Simply put, project success occurs when the outcome of the project adds value to the organization. And the value of a project is defined by subtracting all of the costs from all of the benefits the project delivers.
Value = Benefits - Costs
This can be roughly translated to three levels of project success:
1) Project delivery success: Will the project delivery be successful? Essentially, this assesses the classic triangle of scope, time, and budget. These are your costs.
2) Product or service success: This refers to when the product or service is deemed successful (e.g., the system is used by all users in scope, up-time is 99.99 percent, customer satisfaction has increased by 25 percent, and operational costs have decreased by 15 percent). These are your benefits.
3) Business success: This has to do with whether the product or service brings value to the overall organization, and how it contributes financially and/or strategically to the business’s success. This is your value.
Overall, a successful project depends on the combination of these criteria. Some argue that product/service success is the same as business success, or argue that product/service success automatically means business success. But this is not true. See “Product or Service Success Does Not Automatically Mean Business Success” for more on this topic.

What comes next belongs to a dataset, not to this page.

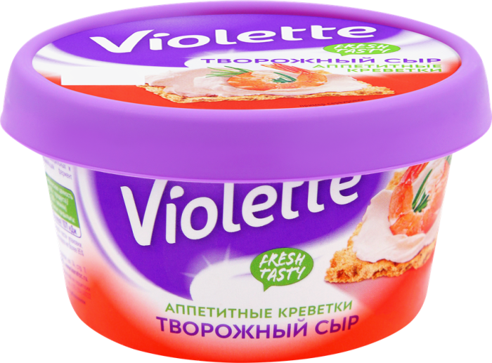 Сыр творожный Виолетта с креветками КАРАТ произведен из натурального коровьего молока высшего сорта с нежным сливочным вкусом.
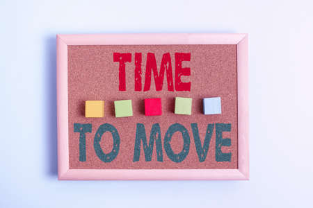 Text showing inspiration Time To Move. Business showcase change in the same way or to reflect on what is current Stack of Sample Cube Rectangular Boxes On Surface Polished With Multi-Colour

When you look at project financials and translate the above to dollars, you can fairly say that a project is a failure if it has a negative value. This means the total of all the benefits is lower than the total costs. See “What Are the Real Costs of Your Technology Project?” for more on this topic.

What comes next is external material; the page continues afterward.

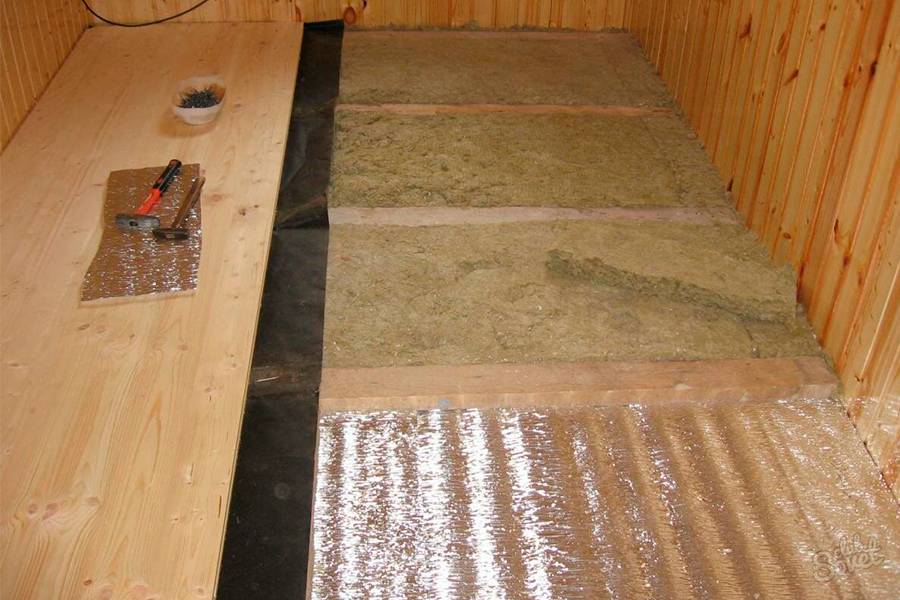 Последний шаг в утеплении предбанника – укладка изоляции на пол
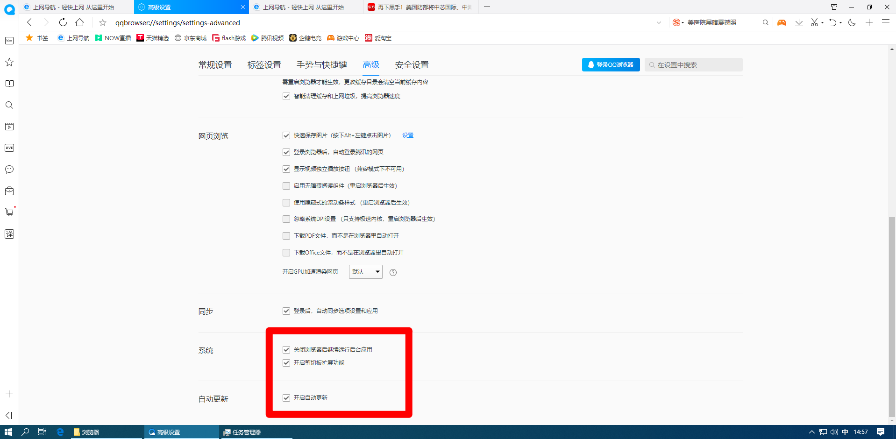 4、设置页面自动勾选关闭后继续运行后台应用、自动更新、及没什么用处的剪切板扩展功能

You can even argue that a project is a failure if the targeted return on investment (ROI) is not achieved. This is because you could have done another project with a higher ROI in the same time with the used resources. See “What Are the Real Opportunity Costs of Your Project?” for more on this topic.

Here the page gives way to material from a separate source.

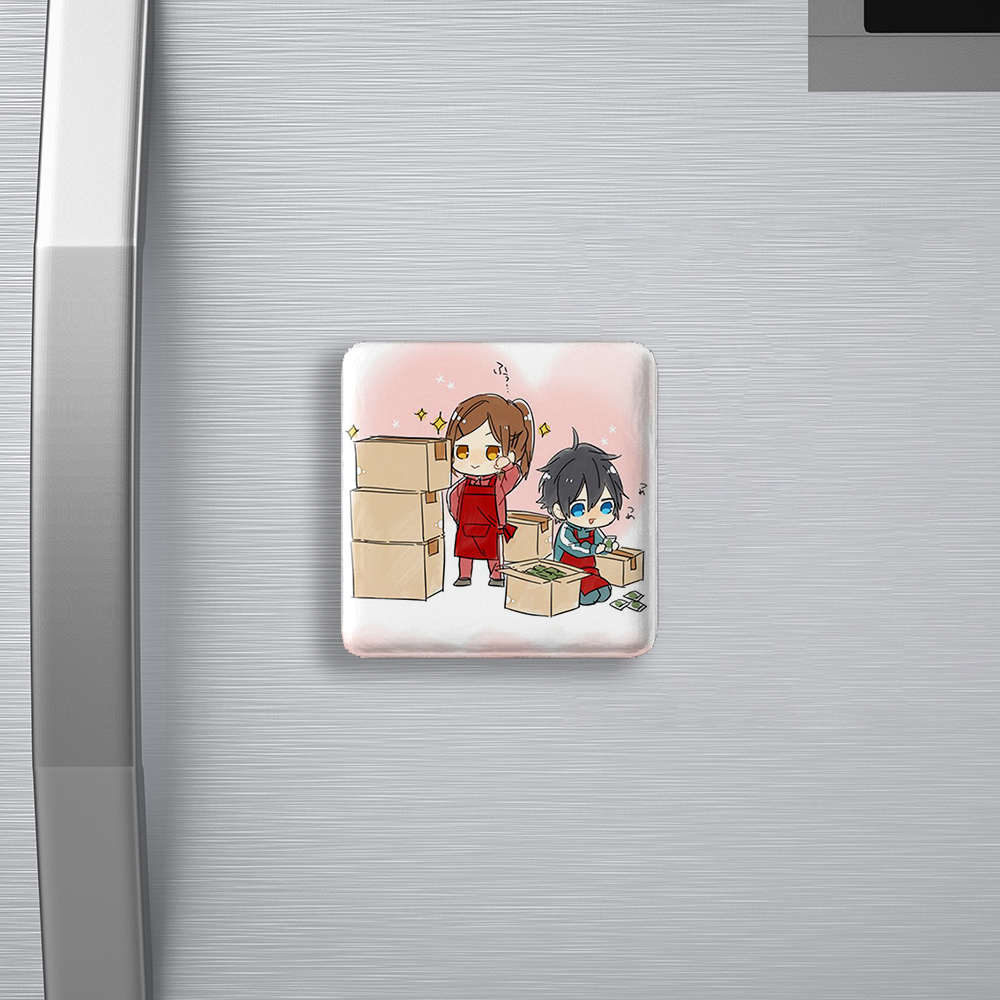 مگنت های مربعی هوری و میامورا انیمه هوریمیا خندالو محصولی جدید، جذاب و منحصر به فرد هستند که با بالاترین سطح کیفی تولید می شوند.فرم مربعی مگنت های خندالو، آنها را بدل به محصولی خاص و کمتر دیده شده کرده است. آهنربای پشت مگنت ها، به نحوی تولید شده اند که هنگام نصب بر روی سطوح آهنی ایستایی بسیار خوبی دارند و به راحتی کنده نمی شوند. چاپ مگنت مربعی هوری و میامورا انیمه هوریمیا نیز با دستگاه های استاندارد و با بهترین سطح کیفی صورت گرفته و طرح با شفافیتی مثال زدنی و با روکشی شفاف و بدون خط و خش بر روی مگنت نقش بسته است. همچنین بسته بندی جذاب و مینیمال مگنت ها، آنها را بدل به محصولی مناسب هدیه کرده است. مگنت ها قابل نصب بر روی یخچال، کمد های آهنی، چارچوب درها، وایت بردها و هر سطح آهنی دیگری هستند که علاوه بر جذابیت و زیبایی خود آنها، از مگنت ها به عنوان وسیله ای برای قرار دادن عکس روی یخچال و کاغذ روی وایت برد و موارد مصرف دیگر میتوان بهره برد. جنس آهنربای پشت مگنت هوری و میامورا انیمه هوریمیا به گونه ای است که کمترین خط و خشی را بر روی یخچال و سایر سطوح باقی نمیگذارد و به هیچ عنوان بدنه یخچال را زخمی یا خراب نمیکند.

But what you should not forget is that project success and project failure are NOT absolutes. It may not be possible to be a little bit pregnant, but you can be a little bit successful.
Every project has multiple success criteria related to business results, product/service results, and project delivery results (cost, schedule, scope, and quality).
Some criteria are absolute, meaning they must be completed on or before the original planned date, and some are relative, meaning they must be completed by a date acceptable to the client.
Project success is determined by how many of your success criteria are satisfied, and how well.
Whether or not a project is successful also depends on who you ask—
> the very happy project manager that implemented the SAP project as scoped on time and below budget (I know, this will NEVER happen),
> the end-users, who absolutely hate the complexity and slowness of the new system,
> or the COO that has seen IT costs double whilst none of the expected savings materialized.
These stakeholders may all have very different opinions on the success of the project.
Project success also depends on when you ask.
Twelve months after the go-live, the users will have a better grasp of the system and initial performance problems will have been solved. And slowly but steadily, the expected savings will often start to materialize as well.
So in order to determine the success or failure of your project, you should define all the criteria relevant to your project, define how you will measure them, and define when you will measure them.
In a nutshell: In order to determine project success (and, as a consequence, project failure), you must define all the criteria relevant to your project, define how you will measure them, and define when you will measure them.